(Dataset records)
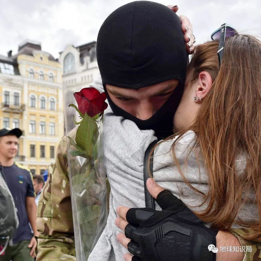 (乌克兰士兵和女友道别,图:Twitter)▼
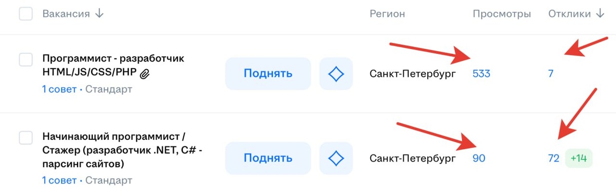 В первой вакансии мы просим сразу тестовое сделать, а во второй - не просим. Вот, цифры на картинке... :) по отликам.
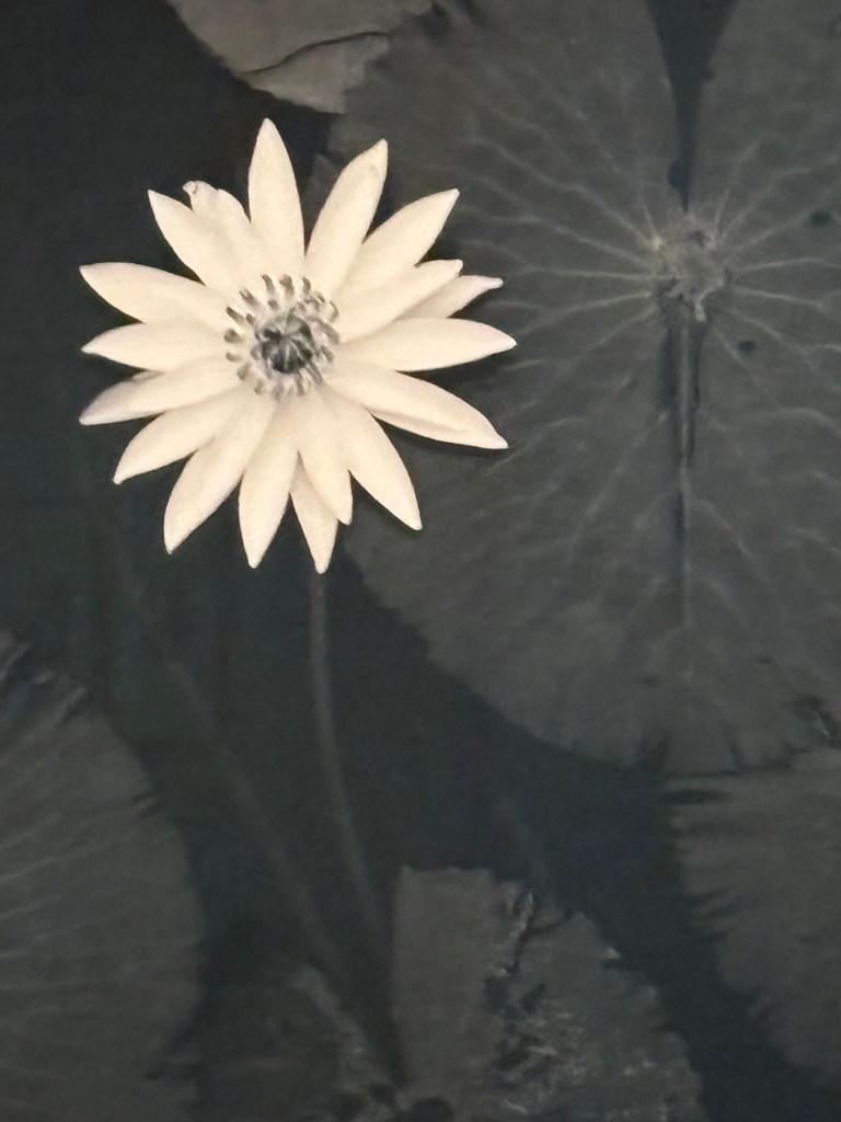 Et je finirais avec ces fleurs dites « deux tiges en hiver » dont les pointes sont rouges perdues dans cette immensité blanche et le lotus blanc sur fond noir et feuilles noires. En la prenant de près on peut admirer les pistils de la fleur de lotus et la finesse des tiges.
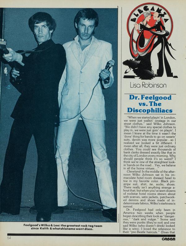 When we started playin" in London, we were just walkin" onstage in our street clothes," said Wilko Johnson.
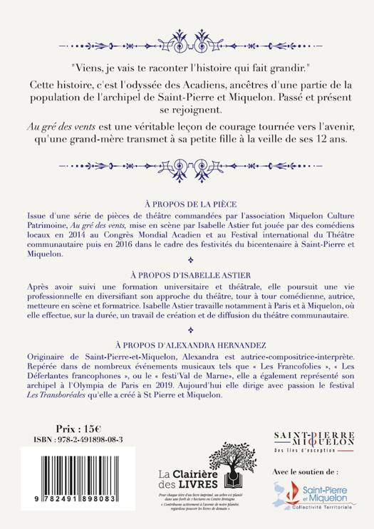 Pièce de théâtre dédiée à l'Histoire de Miquelon liée au sort terrible des Acadiens chassés de leurs terres durant des siècles. La pièce se déroule durant deux époques ; 2016 et 1763 qui se mêlent sur les planches. Passé et présent se rejoignent à l'occasion des 12 ans d'Eva. Sa grand-mère va lui raconter "l'histoire qui fait grandir". Véritable leçon de courage tournée vers l'avenir. Les partitions des chants et musique sont incluses dans le livre. L'Acadie est à l'honneur.
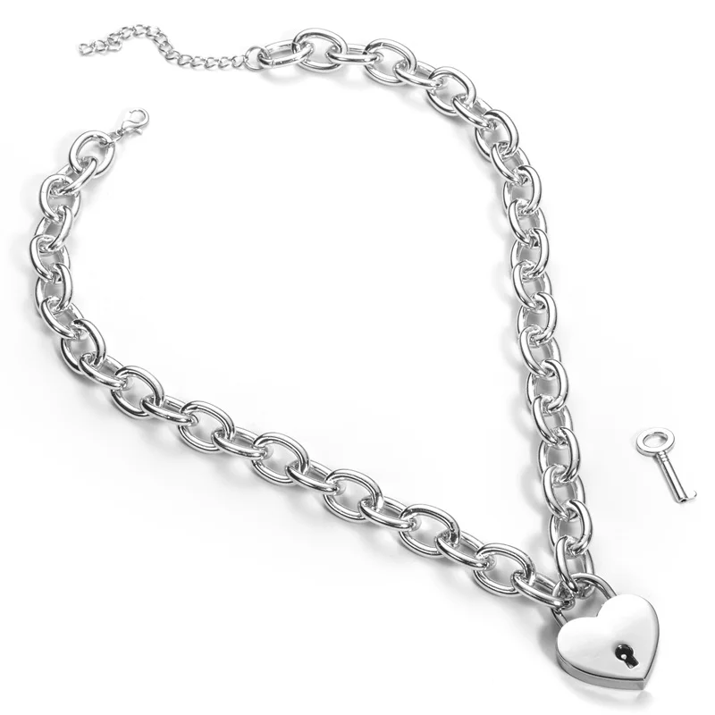 Buy Key to My heart lock necklace women metal padlock chain Necklaces neck collar pastel goth jewelry v
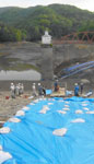 今年の6月下旬から、濁りを伴う漏水量が増加してきたことから、7月6日に、勝納川の取水ゲートを閉じて調査してきたところ、8月5日に、満水位から約4m下がった地点で、ダム堤体内に、円錐状の直径3m、深さ1.4mの陥没箇所を確認した。
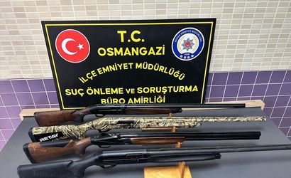 Bursa'nın Osmangazi ilçesinde av tüfeğiyle havaya ateş açtıkları iddia edilen 4 zanlı gözaltına alındı. Operasyonda 6 av tüfeği ve 1 kurusıkı tabanca ele geçirildi.
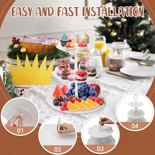 - 🍰【Premium Cake Stand】White cupcake stand is made of thick plastic, which is safe, firm, non-toxic and odorless, large in capacity, reusable and easy to clean. Multi-layer design allows your desktop to have more places to put things.
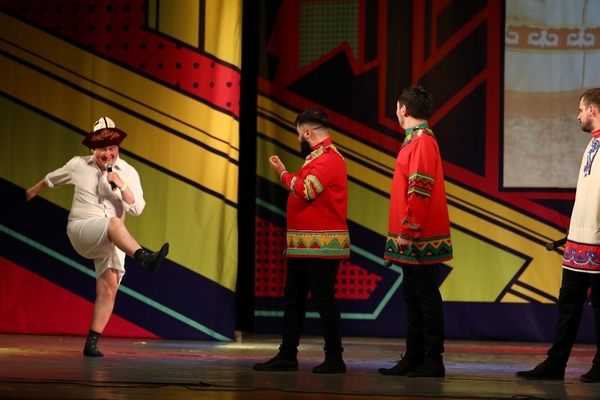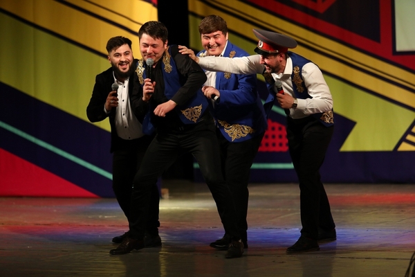 На сцене казахи из Сибири. Знакомятся со зрителем, рассказывают кто чем занимается - средне. Шутят про Крида и Блэк Стар.
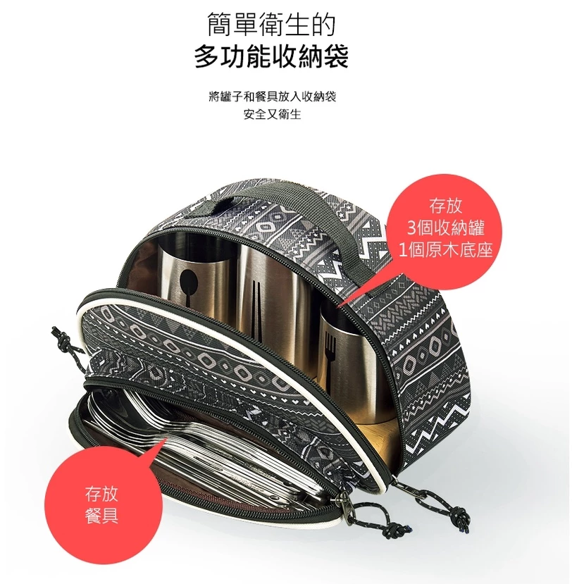 內容物:收納袋、湯匙、叉子、筷子*4、收納罐*3、原木底座*1
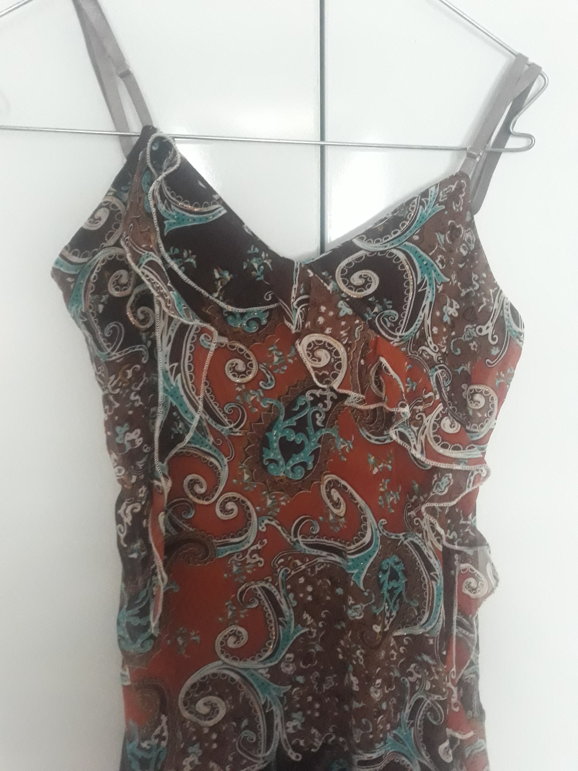 تاپ بلند زنانه جنس حریر آستر دار بند لباس زیری قابل تنظیم قد از سرشانه 100فاصله دو زیر بغل 45 مناسب سایز 38و 40
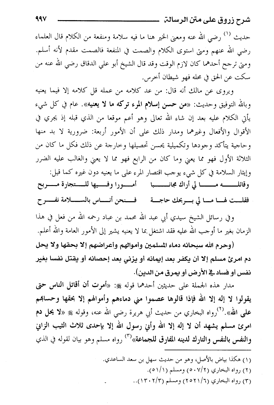 وفي رسائل الشيخ سيدي أبي عبد الله محمد بن عباد رحمه الله من فعل في هذا الزمان بغير ما أوجب الله عليه فقد اشتغل بما لا يعنيه يشير إلى الأمر العامة والله أعلم.

## WHAT YOU HAVE TO DO
Repeat each line of the records exactly, dropping the pictures.

## TASK OUTPUT
 (乌克兰士兵和女友道别,图:Twitter)▼
 В первой вакансии мы просим сразу тестовое сделать, а во второй - не просим. Вот, цифры на картинке... :) по отликам.
 Et je finirais avec ces fleurs dites « deux tiges en hiver » dont les pointes sont rouges perdues dans cette immensité blanche et le lotus blanc sur fond noir et feuilles noires. En la prenant de près on peut admirer les pistils de la fleur de lotus et la finesse des tiges.
 When we started playin" in London, we were just walkin" onstage in our street clothes," said Wilko Johnson.
 Pièce de théâtre dédiée à l'Histoire de Miquelon liée au sort terrible des Acadiens chassés de leurs terres durant des siècles. La pièce se déroule durant deux époques ; 2016 et 1763 qui se mêlent sur les planches. Passé et présent se rejoignent à l'occasion des 12 ans d'Eva. Sa grand-mère va lui raconter "l'histoire qui fait grandir". Véritable leçon de courage tournée vers l'avenir. Les partitions des chants et musique sont incluses dans le livre. L'Acadie est à l'honneur.
 Buy Key to My heart lock necklace women metal padlock chain Necklaces neck collar pastel goth jewelry v
 今年の6月下旬から、濁りを伴う漏水量が増加してきたことから、7月6日に、勝納川の取水ゲートを閉じて調査してきたところ、8月5日に、満水位から約4m下がった地点で、ダム堤体内に、円錐状の直径3m、深さ1.4mの陥没箇所を確認した。
 Bursa'nın Osmangazi ilçesinde av tüfeğiyle havaya ateş açtıkları iddia edilen 4 zanlı gözaltına alındı. Operasyonda 6 av tüfeği ve 1 kurusıkı tabanca ele geçirildi.
 - 🍰【Premium Cake Stand】White cupcake stand is made of thick plastic, which is safe, firm, non-toxic and odorless, large in capacity, reusable and easy to clean. Multi-layer design allows your desktop to have more places to put things.
 На сцене казахи из Сибири. Знакомятся со зрителем, рассказывают кто чем занимается - средне. Шутят про Крида и Блэк Стар.
 內容物:收納袋、湯匙、叉子、筷子*4、收納罐*3、原木底座*1
 تاپ بلند زنانه جنس حریر آستر دار بند لباس زیری قابل تنظیم قد از سرشانه 100فاصله دو زیر بغل 45 مناسب سایز 38و 40
 وفي رسائل الشيخ سيدي أبي عبد الله محمد بن عباد رحمه الله من فعل في هذا الزمان بغير ما أوجب الله عليه فقد اشتغل بما لا يعنيه يشير إلى الأمر العامة والله أعلم.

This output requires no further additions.